2. Are there likely academic/professional discussions in this language?
3. Would this language add unique perspectives not covered in English?
</instructions>
 
<language>{language_name}</language>
<topic>{topic}</topic>
"""
 
async def check_language_relevance(state: dict) -> dict[str, Any]:
    llm = get_llm("haiku", max_tokens=200)
    llm_with_schema = llm.with_structured_output(RelevanceAssessment)
 
    result = await llm_with_schema.ainvoke([{"role": "user", "content": prompt}])
 
    return {
        "relevance_results": [{
            "language": language,
            "relevant": result.has_meaningful_discussion,
            "depth": result.suggested_depth.value,
        }]
    }

Parallel Dispatch with Send()

Use LangGraph’s Send() for parallel fan-out instead of manual index iteration:

async def dispatch_relevance_checks(state: MultiLangState) -> list[Send]:
    """Fan-out to parallel relevance checks."""
    topic = state["input"]["topic"]
    return [
        Send("check_language_relevance", {"language": lang, "topic": topic})
        for lang in state["target_languages"]
    ]

This is faster and cleaner than looping with an index counter.

Two-Document Output

The pattern produces two complementary documents:

  1. Comparative analysis (Sonnet 1M): Identifies cross-language patterns, consensus, and differences.
  2. Integrated synthesis: Combines findings into a unified report.
class ComparativeAnalysis(BaseModel):
    commonalities: str = Field(description="Universal themes across languages")
    differences: str = Field(description="Regional variations by theme")
    unique_contributions: dict[str, str] = Field(
        description="What each language uniquely adds"
    )
    coverage_gaps: str = Field(description="What English-only research misses")

Why This Approach Works

  1. Cost optimization: Haiku filtering costs pennies.

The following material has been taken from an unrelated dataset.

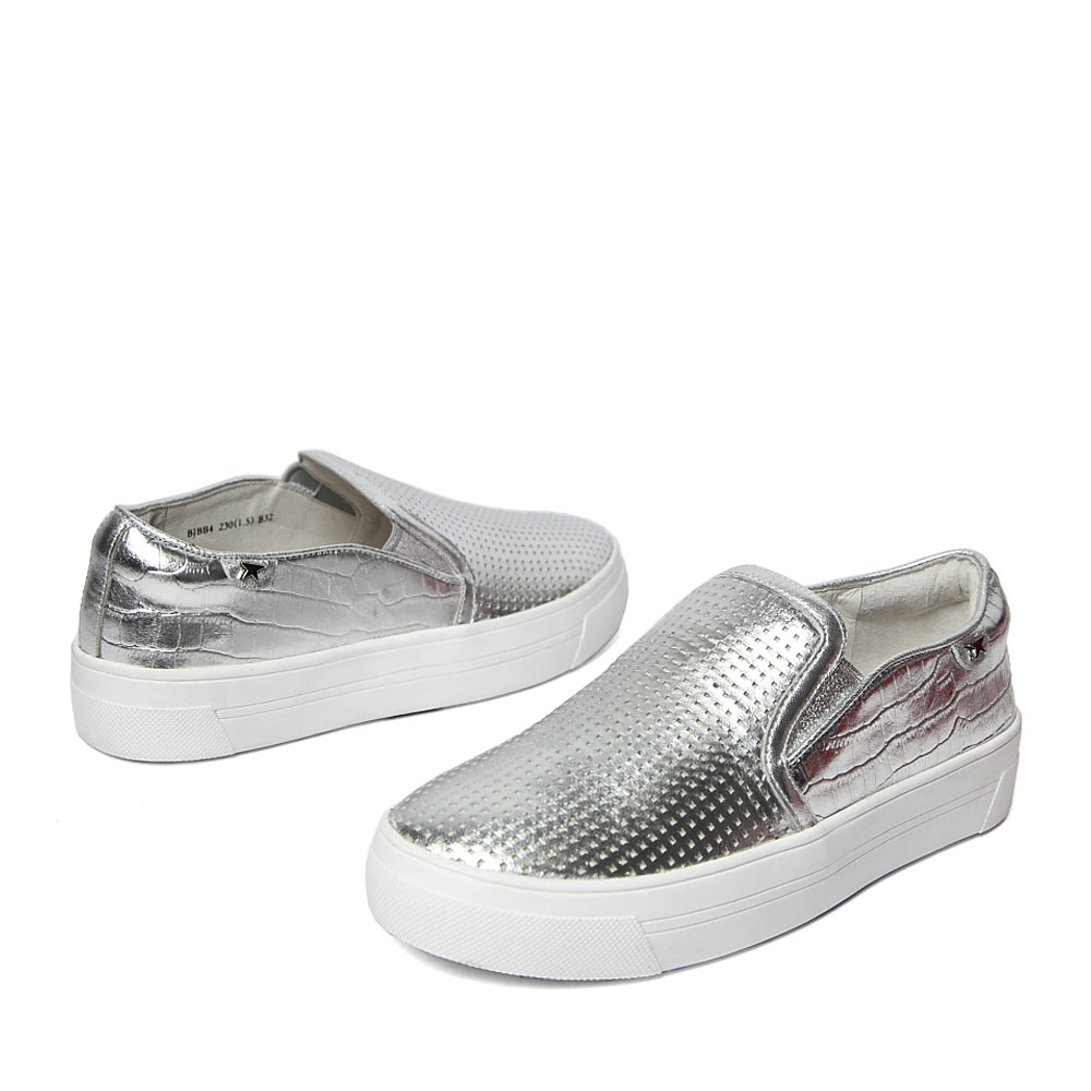 BELLE/百丽春季专柜同款银色贴膜羊皮女鞋(冲孔)BJBB4AM6

Skipping irrelevant languages saves dollars.
  2. Parallel execution: Send() runs relevance checks and research concurrently.
  3. Structured synthesis: Two-document output captures both patterns and integration.
  4. Graceful degradation: Errors in one language don’t block others.

Cost Comparison

For a 10-language topic where only four languages have meaningful content:

ApproachLanguages ResearchedEstimated Cost
Research all10$15-30
Haiku filter first4$6-12

The filtering step costs less than $0.10 and saves 60% or more.

Trade-offs

  • Duration: Sequential checkpointing adds overhead for long runs.
  • Complexity: More state management than single-language workflows.
  • Filter accuracy: Haiku may occasionally miss relevant languages.